** Assignment **
Nothing but the text belongs in the answer: the listing below, copied exactly, without pictures.

(Data Opens)

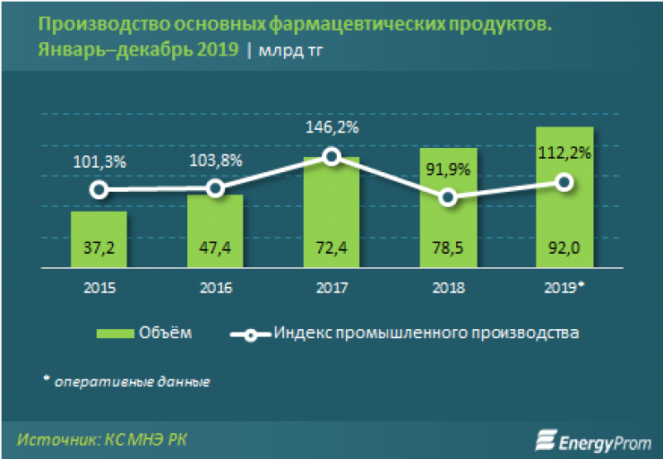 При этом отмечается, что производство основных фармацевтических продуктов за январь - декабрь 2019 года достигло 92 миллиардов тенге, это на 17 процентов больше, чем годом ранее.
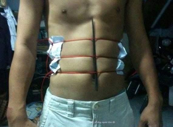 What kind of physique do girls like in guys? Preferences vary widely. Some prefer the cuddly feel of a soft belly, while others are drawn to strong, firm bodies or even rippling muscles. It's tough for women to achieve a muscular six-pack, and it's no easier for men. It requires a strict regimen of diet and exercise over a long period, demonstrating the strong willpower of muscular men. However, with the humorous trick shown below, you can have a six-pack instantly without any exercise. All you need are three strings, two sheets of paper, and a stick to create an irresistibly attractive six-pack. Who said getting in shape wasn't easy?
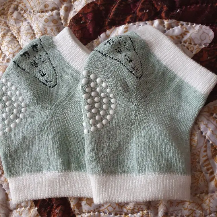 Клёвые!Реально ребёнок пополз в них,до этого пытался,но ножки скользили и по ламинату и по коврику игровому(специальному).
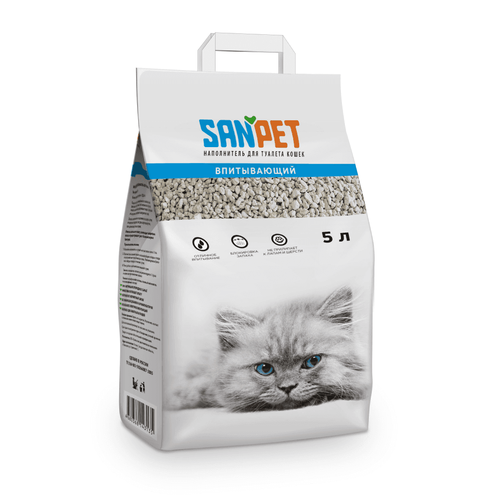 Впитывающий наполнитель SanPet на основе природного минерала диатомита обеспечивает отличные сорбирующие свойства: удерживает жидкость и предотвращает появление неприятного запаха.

(Data Closes)

** Task response **
 При этом отмечается, что производство основных фармацевтических продуктов за январь - декабрь 2019 года достигло 92 миллиардов тенге, это на 17 процентов больше, чем годом ранее.
 What kind of physique do girls like in guys? Preferences vary widely. Some prefer the cuddly feel of a soft belly, while others are drawn to strong, firm bodies or even rippling muscles. It's tough for women to achieve a muscular six-pack, and it's no easier for men. It requires a strict regimen of diet and exercise over a long period, demonstrating the strong willpower of muscular men. However, with the humorous trick shown below, you can have a six-pack instantly without any exercise. All you need are three strings, two sheets of paper, and a stick to create an irresistibly attractive six-pack. Who said getting in shape wasn't easy?
 Клёвые!Реально ребёнок пополз в них,до этого пытался,но ножки скользили и по ламинату и по коврику игровому(специальному).
 Впитывающий наполнитель SanPet на основе природного минерала диатомита обеспечивает отличные сорбирующие свойства: удерживает жидкость и предотвращает появление неприятного запаха.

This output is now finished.